2. Cut-off based on reference signal intensities
In the second approach the non-MRSA252 sequences were considered present when the value of the Cy3 intensity of a particular spot was higher than the Cy5 signal of that spot. Cy5 signals for non-MRSA252 spots are considered background noise in this approach, caused by, among other things, cross-hybridisation. So, in this second method, we hypothesized that signal intensity of the test strains for conserved sequences has to be at least above the value of the reference signal. In short: A gene is present when Cy3 intensity > Cy5 intensity.
3. Cut-off based on the minimal ratio of positivity
The first step in this third approach is to determine per array the lowest test/reference (Cy3/Cy5) intensity ratio for the MRSA252 spots, thus for spots for which a reference signal is available, and which were predicted to be positive based on GACK analysis. Subsequently the reference intensity of every individual spot was multiplied with the value of this lowest Cy3/Cy5 ratio. This way the lowest Cy3 value per spot predicted to be present was calculated. The last step in the calculation is that Cy3 intensities, which were greater than the Cy5 value of that spot multiplied by the lowest Cy3/Cy5 ratio, were considered to represent sequence presence. In short: A gene is present when Cy3 intensity > minimal ratio × Cy5 intensity.

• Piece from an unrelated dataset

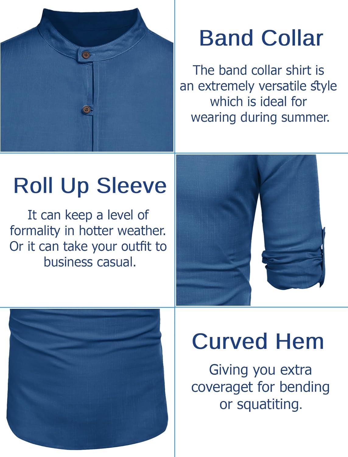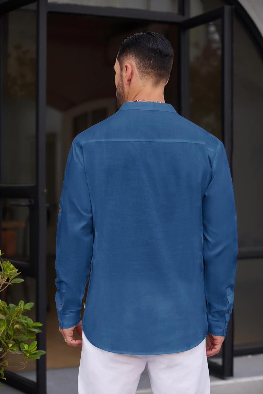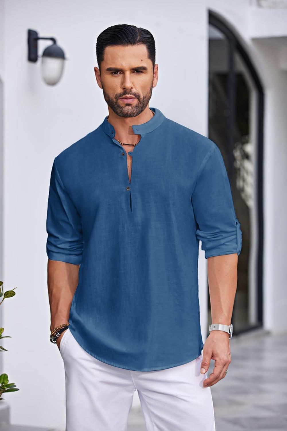 COOFANDY Men's Cotton Linen Henley Shirt Casual Beach Hippie Shirts Long Sleeve T-Shirts(Dark Blue)

4. Cut-off based on two times the background and reference signal intensities
This approach consists of a combined calculation of the first and second approach (see above). In this method sequences were considered present when the value of the Cy3 intensity of a particular spot was higher than twice the background signal and when the Cy3 intensity was higher than the Cy5 intensity of that spot. In short: A gene is present when Cy3 intensity > (2 × Cy3 background signal) and > Cy5 intensity.

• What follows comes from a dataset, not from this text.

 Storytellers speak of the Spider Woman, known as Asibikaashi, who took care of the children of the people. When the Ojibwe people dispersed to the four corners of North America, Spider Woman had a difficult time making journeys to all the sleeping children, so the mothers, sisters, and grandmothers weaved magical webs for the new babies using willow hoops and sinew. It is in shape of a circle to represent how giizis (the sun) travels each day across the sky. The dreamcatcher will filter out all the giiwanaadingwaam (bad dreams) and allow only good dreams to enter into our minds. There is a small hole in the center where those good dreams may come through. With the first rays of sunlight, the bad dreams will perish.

5. Cut-off based on two times the background and the minimal ratio of positivity
This last approach is a combined calculation of the first and the third approach. The first step in the last approach is to determine per array the lowest Cy3/Cy5 ratio for MRSA252 spots, as described above. Cy3 intensities, that were twice the background and greater than the Cy5 value of that spot multiplied by the lowest Cy3/Cy5 ratio were considered to represent sequences presence. In short: A gene is present when Cy3 intensity > (2 × Cy3 background signal) and > (minimal ratio × Cy5 intensity).